The United States and Canada have a close economic and cultural ties due to proximity. It’s not surprising that citizens from both countries move to each other’s country to invest, study, conduct business, work or to retire. Both countries, the U.S. and Canada, have very unique system in taxation. Thus, they agreed on the US-Canada Tax Convention signed in 1980 or more commonly called as the Tax Treaty.
The Tax Treaty covers the foreign tax credits which are available in scenarios where each nation claims a right to tax the same income. Cross-border tax Canada-US, through the specific tax laws carried by the Tax Treaty, protects individuals from double taxation. Moreover, cross-border tax Canada-US navigates through tax requirements for both Canadian and US interest, earning and holdings. US taxes in Canada include personal and business taxes, income from sale of properties and estate taxes and rental income. All these require expert handling to ensure legal taxes are paid and penalties are avoided.
Apart from avoiding “double taxation”, the Tax Treaty and other amending protocols also enhances copper ration between the two countries. The 5th protocol to the Tax Treaty was designed to remove source-country “withholding” tax on cross-border interest payments. Carla Pehowski, senior tax counsel, U.S. Taxation, RBC, notes that, “The big benefit of eliminating withholding tax on cross-border interest payments is that cross-border businesses will have more flexibility in choosing and working with their bankers” She further adds, “Any attempt to centralize all lending in Canada would trigger a request by the bank for reimbursement of withholding tax on any interest due from the U.S. borrower. There’s a whole layer of complexity and potential expense that will disappear in the future cross-border loans.” The 5th Protocol also includes allowing taxpayers arbitration to otherwise insolvable double tax issues and ensuring that immigrant gains do not have double taxation.

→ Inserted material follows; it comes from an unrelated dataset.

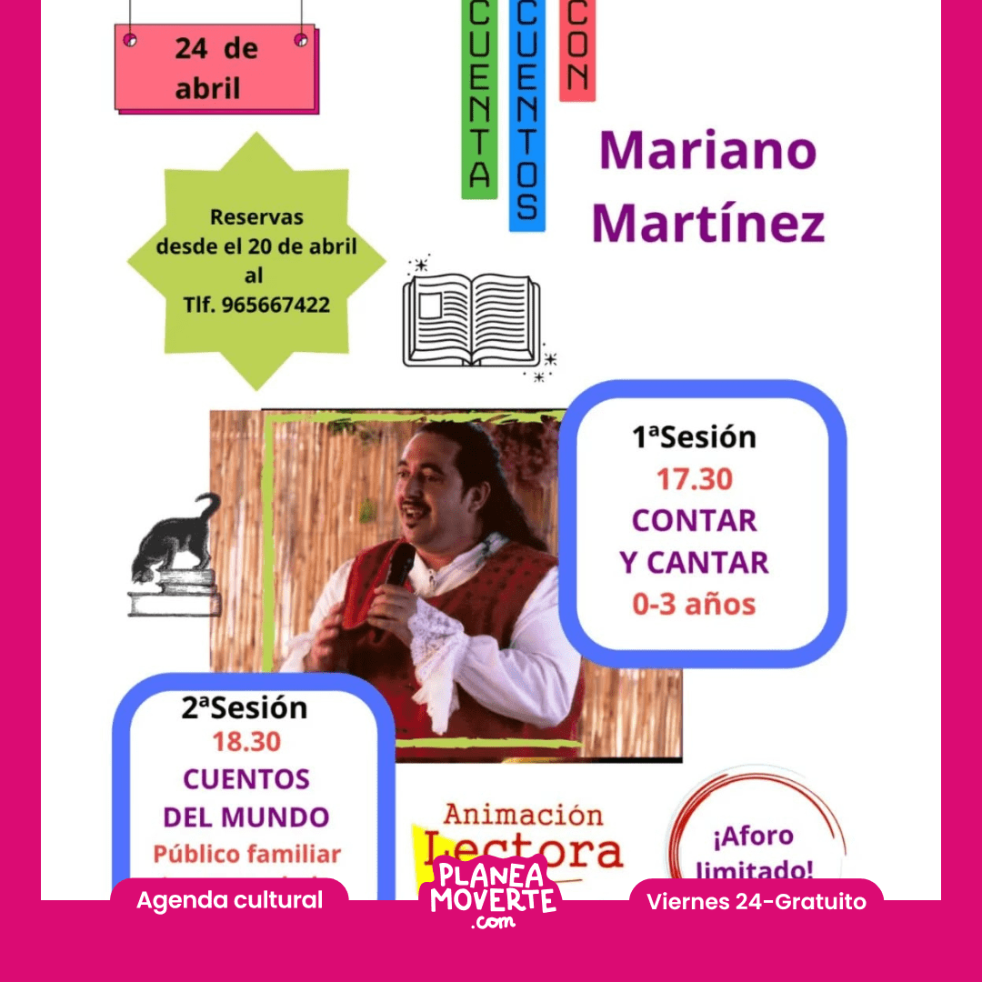 qué hacer este viernes en alicante con niñosEl viernes 24 de abril te esperamos en la Biblioteca Miguel Delibes con una tarde llena de historias de la mano de Mariano Martínez. 17:30 h — Sesión para bebés (hasta 3 años) 18:30 h — Sesión familiar (recomendada a partir de 4 años)

In addition, here are a few things you need to know about taxes:
- Know which cross border forms you need to file to the Internal Revenue Service (IRS). US taxes in Canada is linked to the IRS through the Canada Revenue Agency (CRA). Errors in preparing these returns can result in penalties, tax costs and interest payments.
- Deadlines are important. Taxpayers who live abroad have different deadlines than U.S. Citizen living in the U.S. If you don’t meet these deadline, it can be quite costly.
- Make sure you have a competent cross border tax specialist.